Conditioning

 

ON the day the amici curae trooped to the Supreme Court to be heard on the Poe disqualification petition, Ms. Susan Roces appeared before legions of her husband’s supporters in Plaza Miranda and told them to keep calm. The majority went along with her call, but a minority disobeyed her. And significant minority of her husband’s supporters have continued to disobey she and her husband’s call to respect the Supreme Court since then. And they still do.
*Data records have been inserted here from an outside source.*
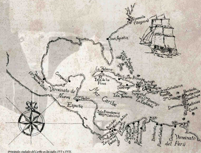
Principales ciudades del Caribe en los siglos XVI y XVII.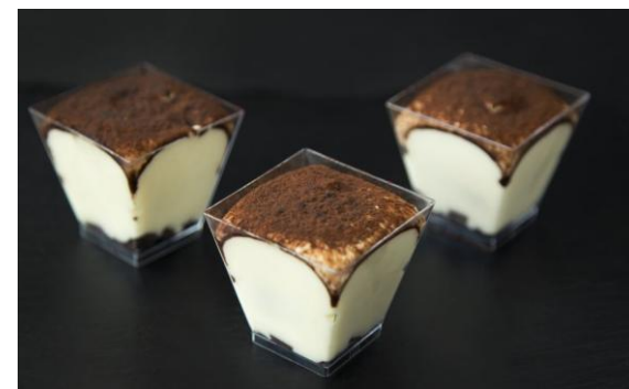
166 Мини-тирамису Mini-tiramisu 40 грамм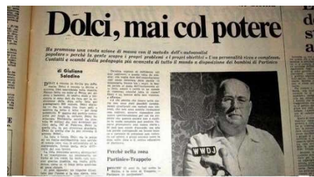
Un titolo significativo su Danilo Dolci (L'Ora, 11 febbraio 1974)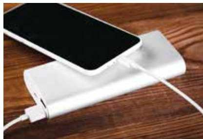
※充電電池からの出火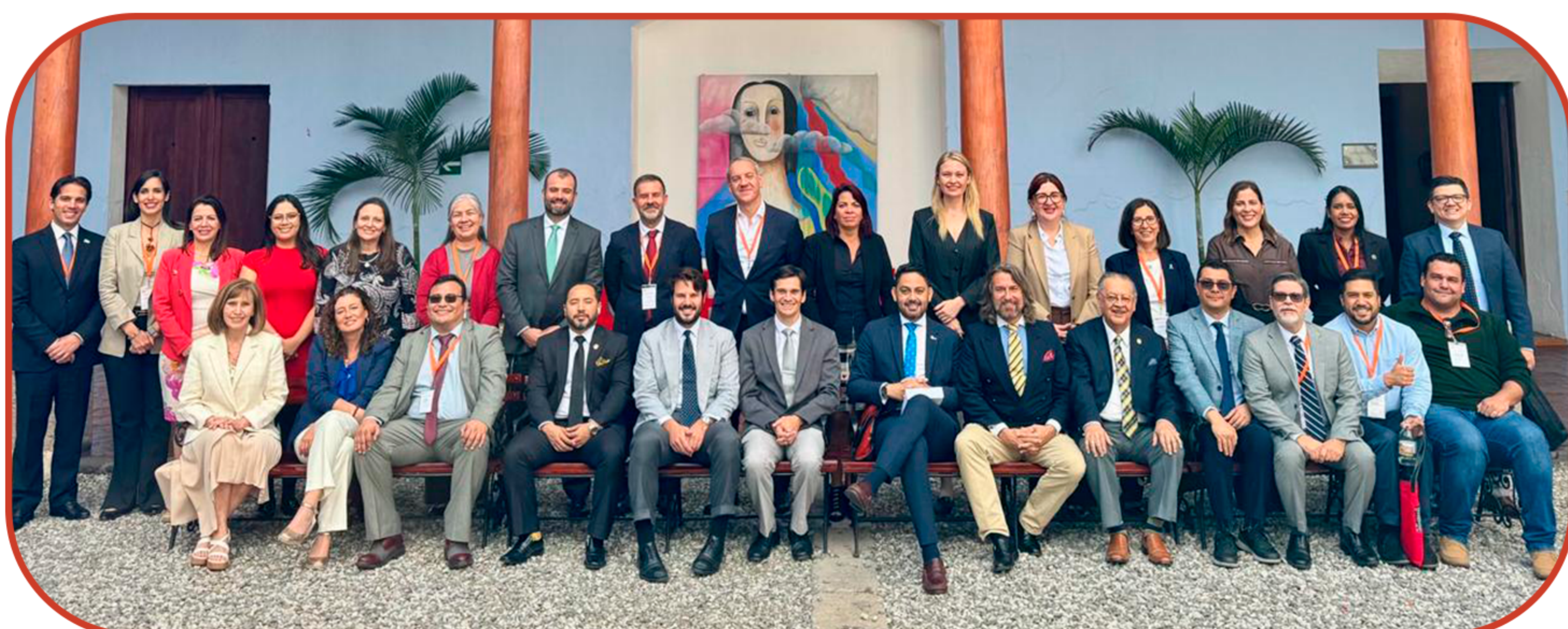
ALTOS REPRESENTANTES DE IBEROREG, ASAMBLEA DEL 28 DE NOVIEMBRE EN ANTIGUA, GUATEMALA

De esta manera, los miembros de IBEROREG reafirman su compromiso en velar por un sistema registral eficaz y eficiente al servicio del bien común.

The Supreme Court’s decision has been greeted with jubilation by Mr. Poe and his camp, and with relief by the rest of the country, whatever its political stripes. But as an editorial in another daily puts it, a close reading of the majority decision indicates that “the Court dismissed the challenges to the qualification of FPJ to run for but did not conclusively declare him qualified to keep the presidency if he won it, for he might still be challenged on the unresolved factual issue of his paternity.” There remains, then, a potential opening for those inclined to continue pursuing Poe’s disqualification should he be elected to the presidency: clearly a dangerous, incendiary proposition, and one which should not be pursued.
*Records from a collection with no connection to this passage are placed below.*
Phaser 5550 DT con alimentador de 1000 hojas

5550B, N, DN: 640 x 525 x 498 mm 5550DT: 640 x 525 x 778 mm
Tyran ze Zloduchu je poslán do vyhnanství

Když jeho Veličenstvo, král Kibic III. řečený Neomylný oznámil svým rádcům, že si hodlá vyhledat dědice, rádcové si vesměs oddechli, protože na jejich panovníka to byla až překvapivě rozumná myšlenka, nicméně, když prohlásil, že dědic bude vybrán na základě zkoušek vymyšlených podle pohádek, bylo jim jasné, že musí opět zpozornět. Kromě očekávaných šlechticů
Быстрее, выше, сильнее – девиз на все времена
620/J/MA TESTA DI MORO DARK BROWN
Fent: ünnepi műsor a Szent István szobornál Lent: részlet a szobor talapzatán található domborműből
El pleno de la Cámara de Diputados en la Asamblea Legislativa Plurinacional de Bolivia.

For in having ruled that the proper body to decide the disqualification of a candidate before an election is the Comelec, the Supreme Court has not denied itself the Constitutionally-ordained duty of being the tribunal to adjudge disqualification cases arising after a presidential election. But what the Constitution allows is not necessarily what is in the public interest to cause to be exercised. If the nation was already nervous in the face of the disqualification petition dismissed by the Supreme Court as premature and as something over which it had no jurisdiction, the nation will be positively filled with dread should anyone try to file a case to disqualify Poe should millions end up voting him into office.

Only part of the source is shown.